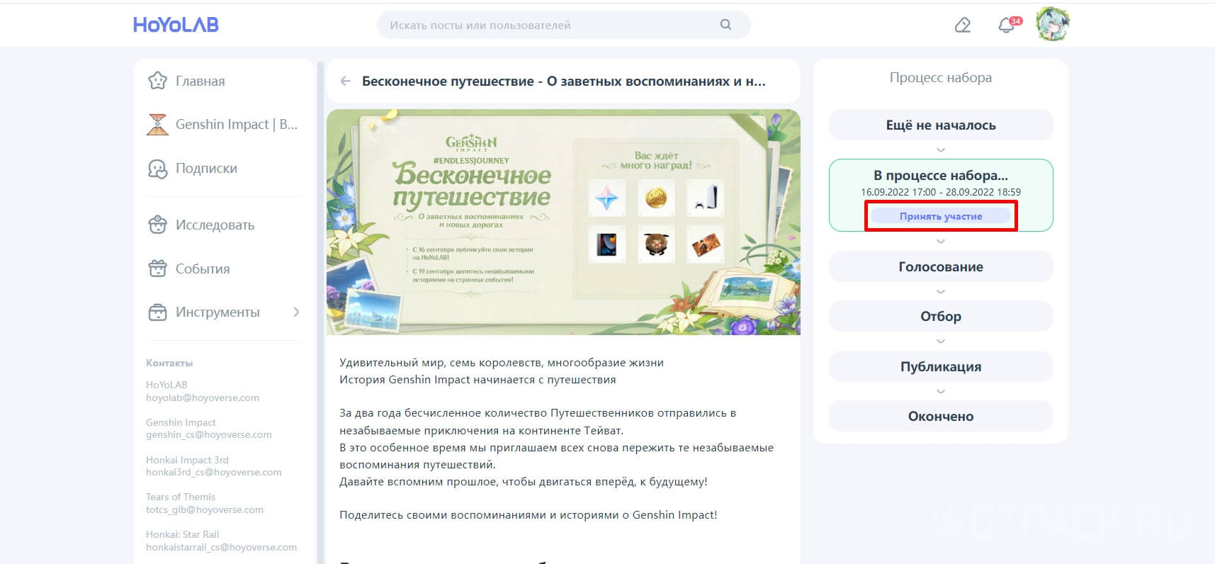 Надеемся, вы получили всю необходимую информацию о событии Бесконечное путешествие в Genshin Impact. Если остались какие-либо вопросы по правилам или участию, пожалуйста, напишите об этом в комментариях. Желаем удачи в конкурсе!
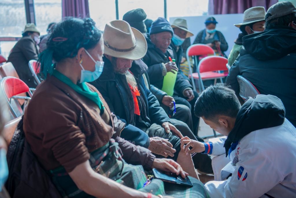 村民德吉也陪着奶奶前来就诊。“我奶奶今年81岁了,有高血压,去医院不方便。这次义诊活动看病、拿药都是免费的,对我们很有帮助。”德吉说。
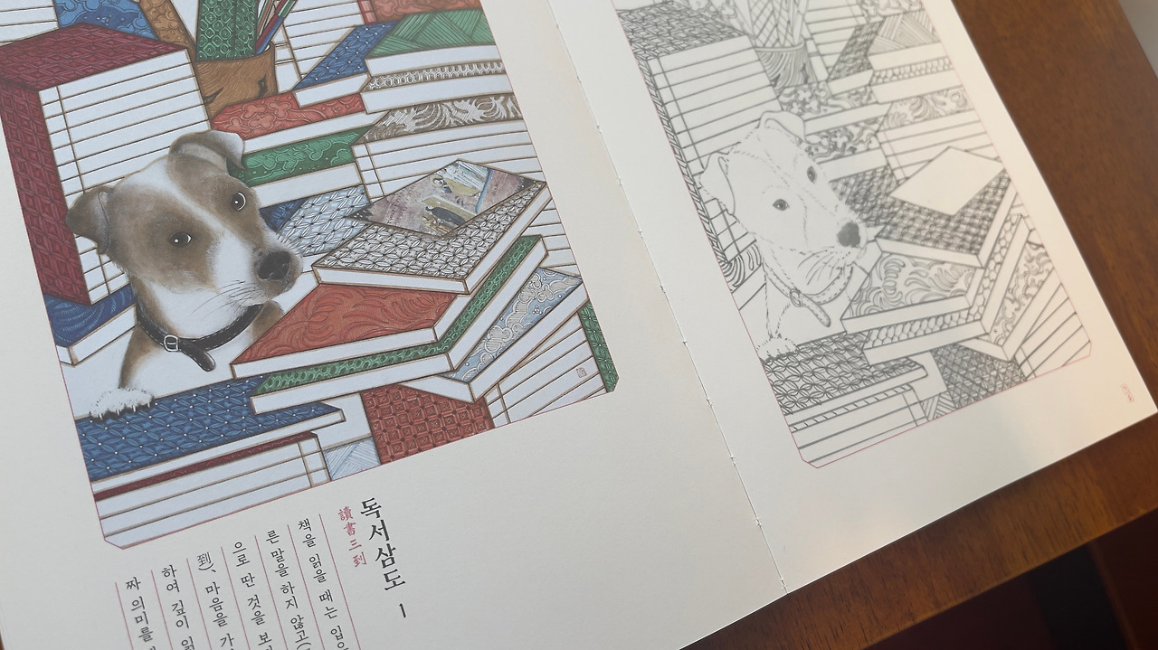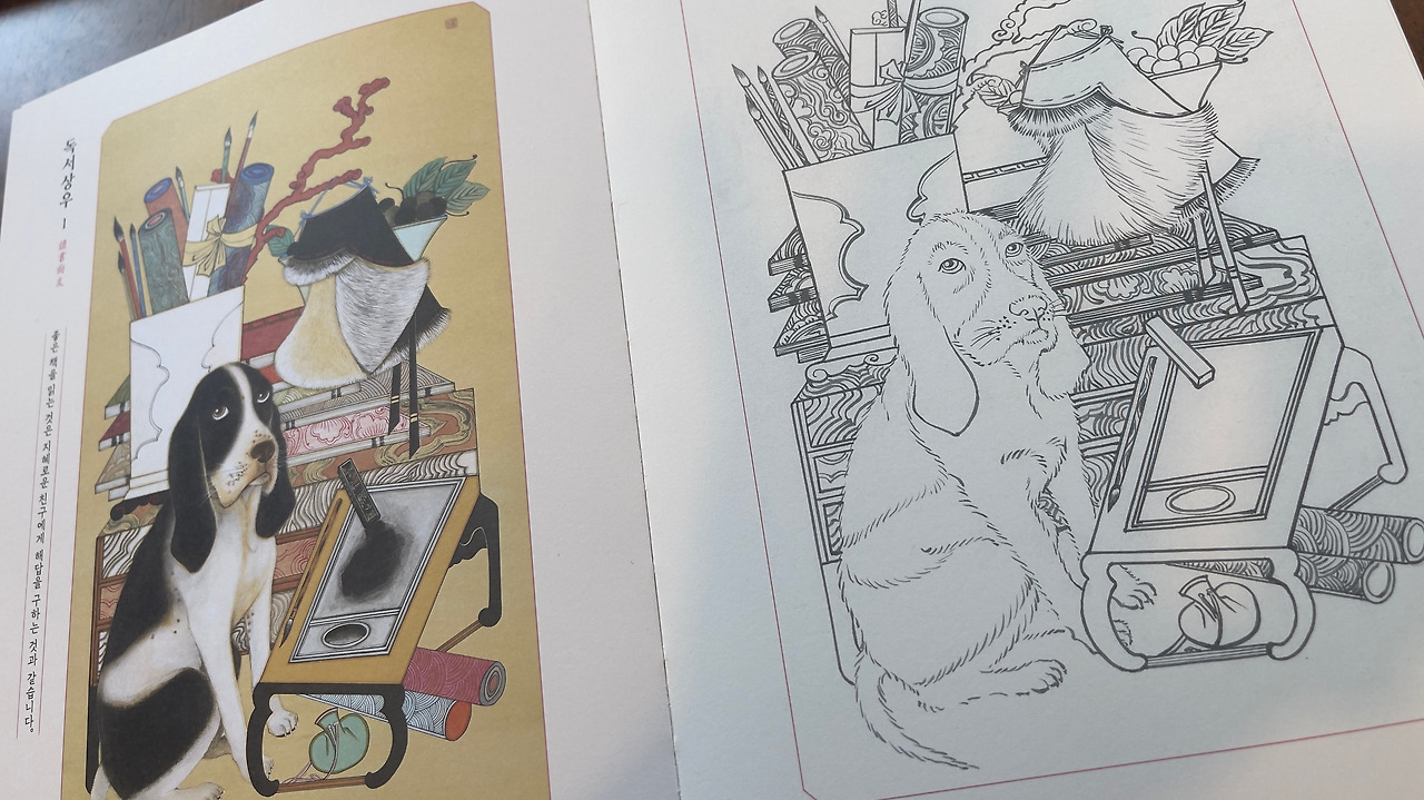 서점에 가보면 정말 다양한 컬러링북이 나와있다. 색연필 말고 과슈나 오일파스텔로 할 수 있는 것부터, 아이들 말고 민속화에 기반한 어른들을 위한 것까지 다채롭다. 언젠가 전시로 만난 곽수연 작가의 컬러링북 ‘반려견 풍속화첩’은 한국화 속 반려견들에 색을 더 해 볼 수 있어 매력적이었다.

Exercise aim: Once the images are set aside, retype all of the material above exactly.

Written response:
 Надеемся, вы получили всю необходимую информацию о событии Бесконечное путешествие в Genshin Impact. Если остались какие-либо вопросы по правилам или участию, пожалуйста, напишите об этом в комментариях. Желаем удачи в конкурсе!
 村民德吉也陪着奶奶前来就诊。“我奶奶今年81岁了,有高血压,去医院不方便。这次义诊活动看病、拿药都是免费的,对我们很有帮助。”德吉说。
 서점에 가보면 정말 다양한 컬러링북이 나와있다. 색연필 말고 과슈나 오일파스텔로 할 수 있는 것부터, 아이들 말고 민속화에 기반한 어른들을 위한 것까지 다채롭다. 언젠가 전시로 만난 곽수연 작가의 컬러링북 ‘반려견 풍속화첩’은 한국화 속 반려견들에 색을 더 해 볼 수 있어 매력적이었다.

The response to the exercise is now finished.